Noorul’s family is one of the 70 staying in a camp in Shaheen Bagh, tucked away in a corner of south Delhi.

They are the nowhere people, the Rohingya Muslims, considered by the United Nations to be the most persecuted minority in the world.

There are about 1,200 Rohingyas in the national capital, some in Shaheen Bagh and the others in a camp in Madanpur Khadar.

With hundreds of thousands of Rohingyas, mostly Muslims, being forced to flee from Rakhine this month and take refuge in Bangladesh, their plight has hit global headlines. UN secretary general Antonio Guterres has said the Rohingya Muslims are facing a catastrophic humanitarian situation.

But those in India face their own share of anxieties with the government threatening to deport them.

All of 12, Noorul talks with the wisdom of someone much older when he says he would never want to go back to his homeland.

For him, home is a small makeshift tent next to huge piles of garbage and school is the nearby government one in Jasola.

"I am happy here and I love going to school. I would never like to go back to my homeland because the military kills children there. I want to request the government not to send us back to Myanmar," he said.

The others in the camp are equally fearful at the thought of returning to the country that was once their home.

"I don't want to live as a refugee my whole life. But even if I think of going back to my village in Myanmar, those nightmarish memories of military attacks haunt me,” said Sabikun Nahar.

"They burnt our house and forced us to follow Buddhism. We were even banned from going to the local mosque and we were so scared that we wouldn’t sleep at night,” she said.

The 21-year-old had left her village in 2012 and moved to Bangladesh with her relatives. She lived with her parents in the camp for a year but extreme poverty and no employment avenues drove her to India.

In 2013, Nahar found herself in the Shaheen Bagh camp.

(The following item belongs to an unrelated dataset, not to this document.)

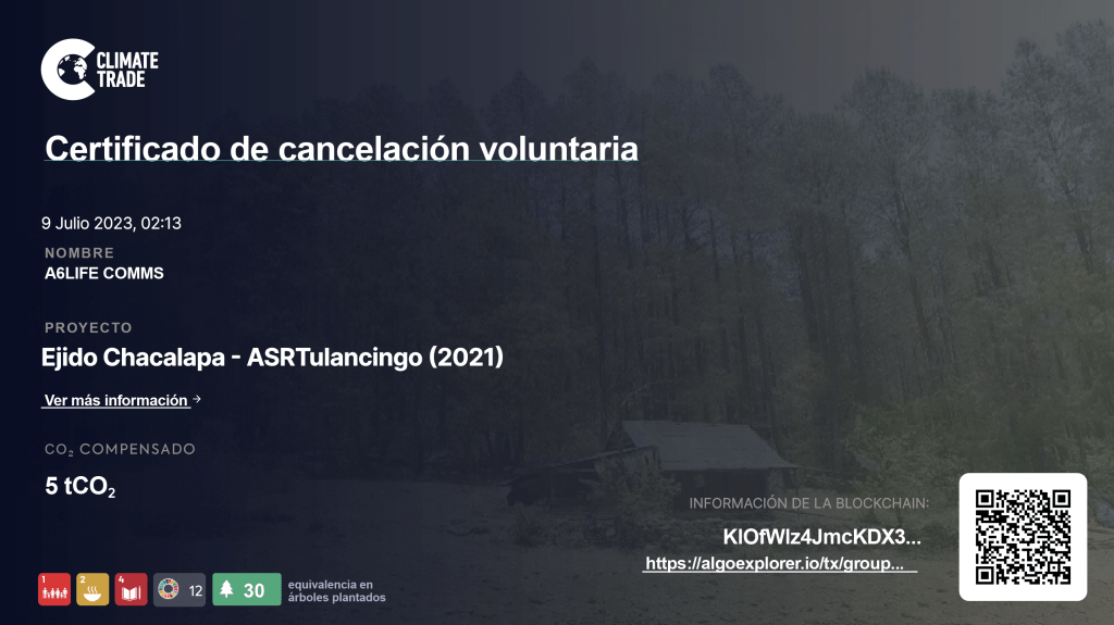 Ante la crisis climática, en A6 LIFE decidimos pasar a la acción tomando acciones que compensan nuestra huella de carbono.

She is now married to Mohammed Zubair, 30, a fellow refugee in the camp who works with an NGO in the city.

He earns about Rs 12,000 every month and the couple finds it difficult to make ends meet. But Nahar shudders at the thought of being sent back.

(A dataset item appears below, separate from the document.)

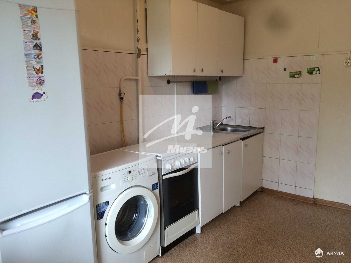 Квартира укомплектована необходимым набором техники и мебели.

"The situation has worsened since 2012. I want the whole world to support us. I wanted to call my parents who are now in Bangladesh to Delhi but with the government here thinking of deporting us how will I call them," she asked.

Constant worry -- about their present, their future and the well-being of their families in Myanmar or in Bangladesh -- is the subtext of all their lives.

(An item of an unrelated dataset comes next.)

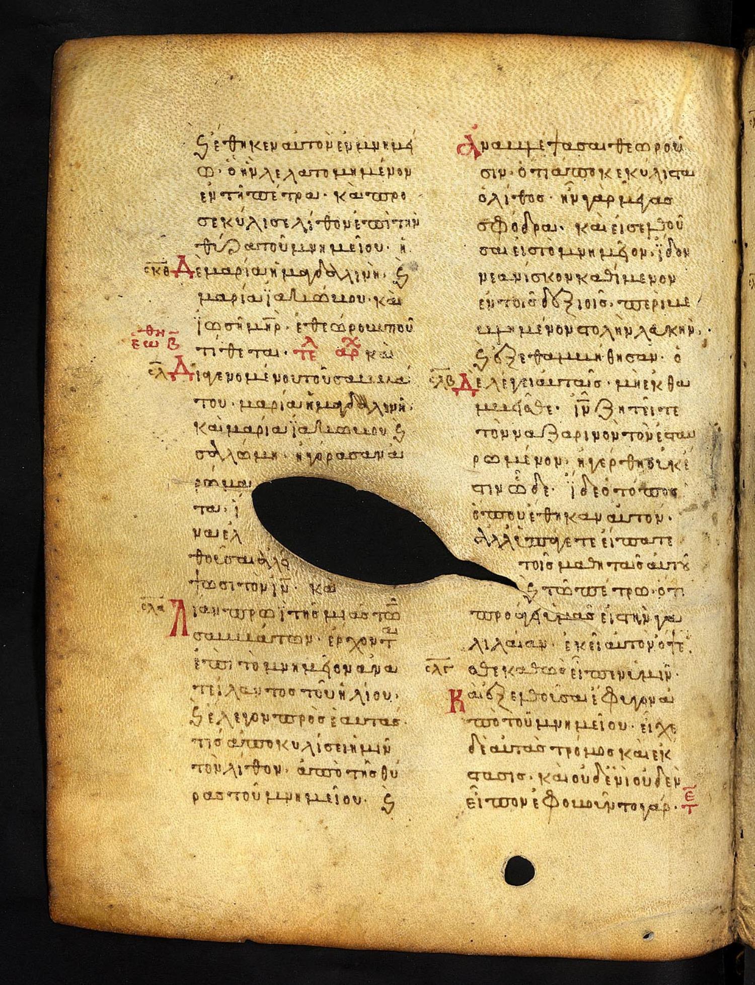 Thirteenth-century (c. 1200) manuscript of the Gospels on parchment; 197 leaves, 2 columns, 25 lines per column. These images are made available by the holding institution according to Creative Commons licensing. For recent digital images, visit Manuscriptorium online.

Abdul Rahim, 35, who runs a small grocery shop in the camp and earns about Rs 300 a day, has been desperately trying to get in touch with his brother back home.

"There are many relatives who are still stuck in the country. I am worried about my brother and his family because they haven't reached Bangladesh yet," said Abdul, who fled from Myanmar nine years ago.

He said he is shocked by the government’s plan to deport them. "I would rather die here than go back to my country where people are facing atrocities and violence."

Hoping for some intervention, Shabeer, who works with the Rohingyas Human Rights Initiative (ROHRIngya), has written a letter to External Affairs Minister Sushma Swaraj. 

"We wrote a letter to the foreign minister on August 23 and are waiting for a reply. I want to ask the government here why they want to deport us,” he said.

He speaks for thousands of other Rohingyas who dread the prospect of being sent back from India.

The government told Parliament on August 9 that more than 14,000 Rohingyas, registered with the UNHCR, are at present staying in India.

However, activists estimate that around 40,000 Rohingyas are living in India illegally, mostly in Delhi-NCR, Jammu and Hyderabad and parts of Haryana, Uttar Pradesh and Rajasthan.

Union minister of state for home Kiren Rijiju had earlier said the Rohingyas were illegal immigrants and stand to be deported.

On Monday, the Supreme Court will hear a plea challenging the government's decision to deport illegal Rohingya Muslim immigrants back to Myanmar.

Their future might well take another decisive turn.